Ask HN: Common Patterns for Resiliency in Distributed Systems

2 points by rshetty 8 years ago | 2 comments

I am collating ideas on bringing resiliency in distributed systems at scale. I had previously written a article on this here: https://blog.gojekengineering.com/resiliency-in-distributed-systems-efd30f74baf4

Above article includes:

1) Timeouts

2) Retries

3) Circuit breakers

4) Fallbacks

5) Resiliency Testing

More patterns I can think of include

6) Rate limiting and Throttling

7) Bulkheading

8) Queuing to decouple tasks from consumers

9) Monitoring/alerting (Observability?)

10) Redundancies

Please let me know your experiences with these resiliency patterns.

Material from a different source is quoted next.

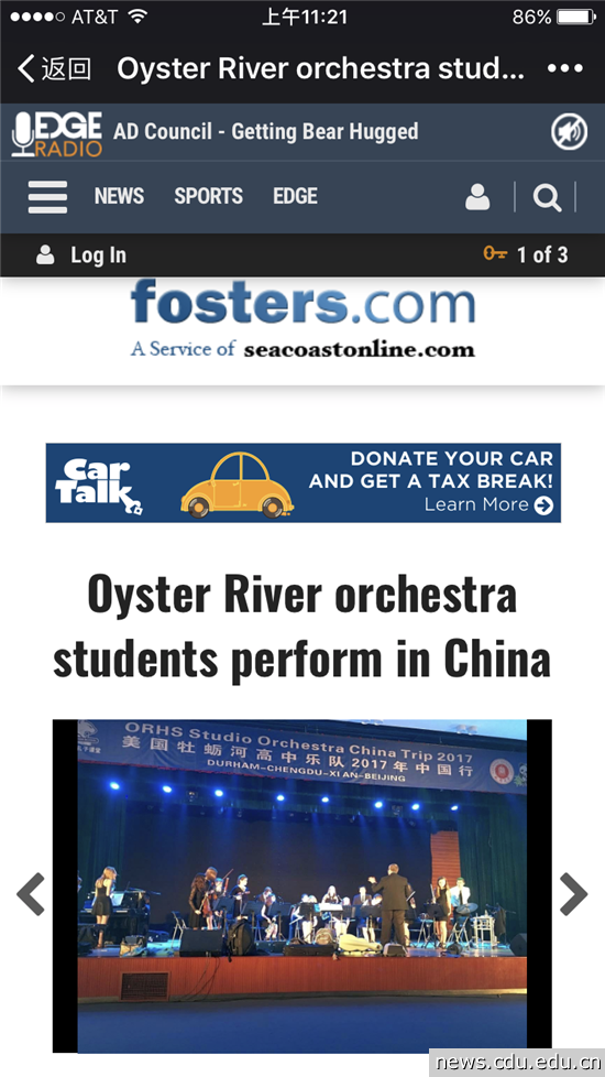 本网消息(图、文/杜洁)美国当地时间5月3日,知名媒体福斯特新闻以《牡蛎河乐队学生赴中国演出》(Oyster River Orchestra Students Perform in China)为题,对我校新罕布什尔大学孔子学院下设牡蛎河学区孔子课堂高中生中国行进行了详细报道,并多次提及凯发k8官网。

Also please feel to pitch in more other patterns if you have encountered any and was of immense help

Thanks for your time :)

anildigital 8 years ago |

Having worked with Elixir for a small web app and these days exploring Akka. I am curious how you are able to achieve above resiliency patterns compared something Akka offers. Fundamentals wise these are concepts, but I am doubtful of handling these concerns properly without Actor model. I haven't read many comparisons between Kubernetes and fault tolerant abstractions such as supervisors etc that Akka provides. Hopefully, you would cover those.

rshetty 8 years ago | |

It is totally possible to implement these patterns without Akka. The blog post highlights the way be implemented some of these patterns.